В гигантском, стерильно белом пространстве фильма Федор Цитронов — единственное черное пятно: воплощенное недоразумение, случайная клякса посреди коммунистического Элизиума. Строго говоря, Цитронов, живущий в доме светоча советской науки, ему не слуга; он существо куда более странное — нахлебник. Он льстит, угодничает, лебезит перед своим покровителем — и тем выслуживает милостиво-презрительное к себе отношение. Юрий Олеша проделал хитроумный тоур де форце, когда перерабатывал для киносценария основные мотивы собственного шедевра девятилетней давности — романа «Зависть». Там отрицательным героем был скорее покровитель, Андрей Бабичев, образчик «нового человека». Воплощенное благополучие, самодовольный и самодостаточный жлоб, живущий и работающий в точном соответствии с требованиями новой, коммунистической эры, единственным идеалом ставящий общественно полезную деятельность, признающий только четкие и разумные цели — и отвергающий всевозможные чувства, сомнения, метания и прочие продукты душевной деятельности как буржуазные и потому более не актуальные. По крайней мере, таким он видится своему нахлебнику — Ивану Кавалерову, который, в свою очередь, вечно пребывает в плену самых что ни на есть устаревших и низменных чувств: зависти, самоуничижения, озлобленности, позднее — влюбленности, а также общего недовольства устройством мира
(что уж совсем глупо). В середине 30-х, почти не меняя сути оппозиции, сценарист Олеша переставляет акценты местами и вменяет Цитронову в безусловную вину все, что его однофамилец-писатель совсем недавно так истово защищал под маской Кавалерова.

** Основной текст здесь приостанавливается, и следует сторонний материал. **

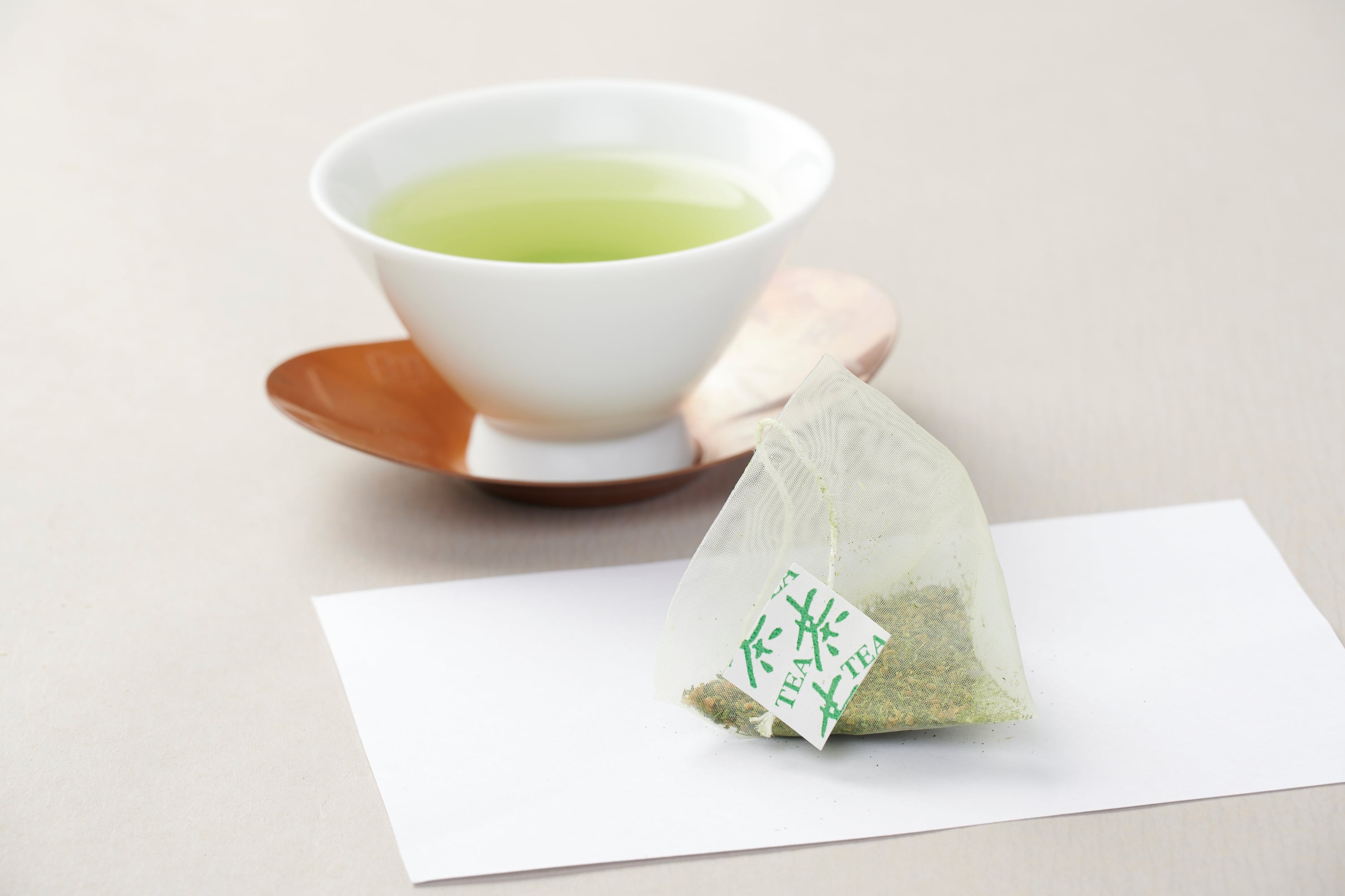 抹茶入り煎茶ひも付きティーバッグは、抹茶と煎茶の風味を楽しめる贅沢な一品です。
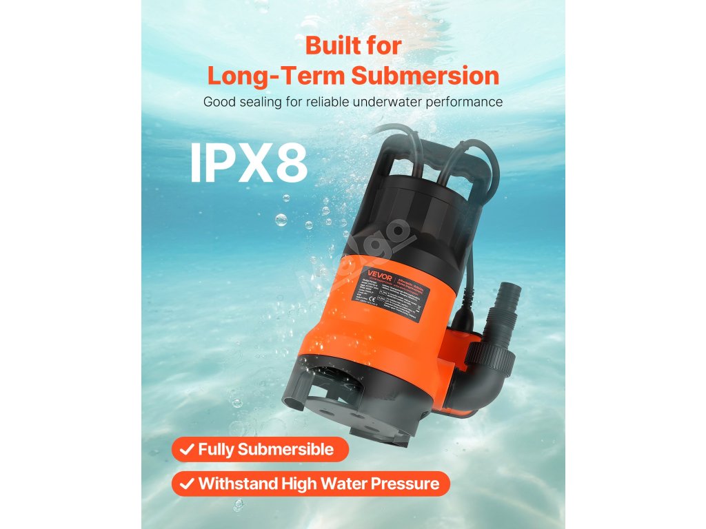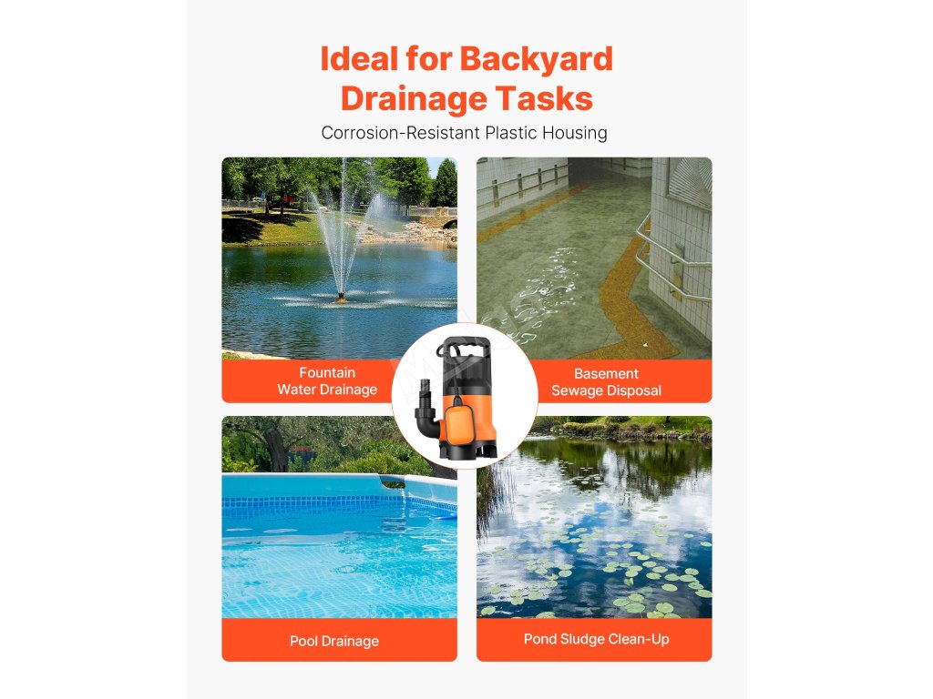 Toto 650W (0,87 HP) kalové čerpadlo poskytuje maximální průtok 15 000 l/h (3963 GPH) a maximální výtlak 8 m. Díky plastovému krytu odolnému proti korozi, vodotěsnosti IPX8 a plovákovému spínači zajišťuje vysoký výkon při ponoření. Zvládne náročné práce při vypouštění bazénů, rybníků apod.

Но Роом, вроде бы в точности следуя своевременно обновленной схеме Олеши, проделывает обратный трюк — не менее головокружительный. Героя Штрауха, — единственного в застывшем мире «Строгого юноши», — он наделяет живой мимикой, живыми интонациями и реакциями. На фоне безжизненного, рафинированного атлетически-ионического орнамента из людей и архитектурных ансамблей, доводящего до одури своими арабесками и рефренами (некоторые диалоги неотличимы по стилю от позднейшего муратовского речевого прибоя), гримасничающий паяц-пакостник Цитронов, при всей своей вполне кавалеровской низости, кажется необычайно искренним и человечным. Он вопиюще неуместен в этом выхолощенном идеальном мире будущего, он кажется чудом уцелевшим реликтом былой эпохи: так, пожалуй, выглядел бы Мармеладов в фильме Чиаурели — или Чаплин, попади он прошлым летом в Мариенбад. Фильм был благополучно запрещен, однако предложенная Олешей и Роомом модель — слуга как нелепый осколок прошлого — оказалась более жизнеспособной (да, собственно, и жизнеподобной), чем первая. Коммунизм уже фактически был построен, темных и невежественных можно было пересчитать по пальцам, и эксплуатировать их было если и не грешно, то уж, по меньшей мере, нетипично.
Оставался единственный выход: чтобы обеспечить общественную безопасность, слугу... то бишь домработника надлежало сделать чудаком. Желательно — время от времени склонным к тихому забавному сумасшествию. С точки зрения идеологии — безупречно: чтобы сохранять верность дореволюционному прошлому, надо быть психопатом. С точки зрения эстетики — благородно: вписывается в славную традицию комического двойника.
Гусев А. Слуга. История вопроса... // Сеанс. № 27/28.